Today, however, most people work alongside others with different tasks and responsibilities. A vice president of marketing may have come from sales and know everything about sales, but know almost nothing about pricing, advertising, or packaging if they never did those jobs themselves. So the people doing that work must make sure the VP understands what they are trying to do, why they are doing it, how they will do it, and what results they expect.

If the VP of marketing does not understand what those high-level specialists are doing, that is mainly the fault of the specialists, not the VP. On the other side, the VP is responsible for making sure colleagues understand how he sees marketing: what his goals are, how he works, and what he expects from himself and from everyone else.

Even when people understand the importance of relationship responsibility, they often do not communicate enough with coworkers. They worry that they will seem intrusive, foolish, or nosy. They are wrong. In practice, whenever someone says to a colleague, “Here is what I am good at. Here is how I work. Here are my values. Here is the contribution I plan to make and the results I should be delivering,” the usual response is: “This is so helpful. Why didn’t you tell me earlier?”

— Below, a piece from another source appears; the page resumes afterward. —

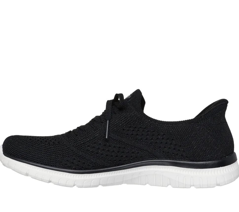 saGlide into absolute comfort with the Skechers Hands Free Slip-ins® : Virtue – Flawless. Designed with our exclusive Heel Pillow™ cushioning, this vegan model offers a Stretch Fit® stretch-knit upper with fixed laces, plus a Skechers Air-Cooled Memory Foam® insole for optimal comfort.
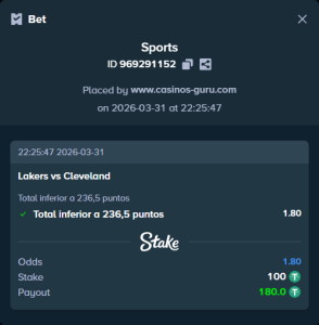 - Apuesta de riesgo (alta cuota): Hándicap Lakers -10,5, cuota 2,10

And if that person continues by asking, “Then what do I need to know about your strengths, your way of working, your values, and the contribution you plan to make?” they get a similar answer almost every time: “Thank you for asking. Why didn’t you ask sooner?”

Organizations are no longer built on force. They are built on trust. And trust does not necessarily mean that people like one another. It means they understand one another. That is why taking responsibility for your relationships is not optional. It is an obligation. Whether you are an employee, a consultant, a supplier, or a distributor, you owe that responsibility to everyone you work with, meaning everyone you depend on and everyone who depends on you.

How Do I Manage the Second Half of My Life?

There are three ways to build a second career.

The first is to shift fully into a new job. Often that simply means moving from one kind of organization to another.

The second is to develop a parallel career.

Many people are highly successful in their first career and continue doing it, either full-time, part-time, or as consultants. But alongside it, they begin another line of work, usually in a nonprofit, and devote perhaps ten hours a week to it.

The third method is social entrepreneurship.

Social entrepreneurs are often people who were very successful in their first career. They still love their work, but it no longer challenges them in the same way. In many cases, they continue with their original work while gradually giving it less time, and at the same time build a second undertaking, usually nonprofit in nature.

The people who manage the second half of life well will always be a minority. Most people will simply keep going, year after year, until retirement. But it is exactly this minority, the men and women who see a long working life as an opportunity for themselves and for society, who become leaders and examples.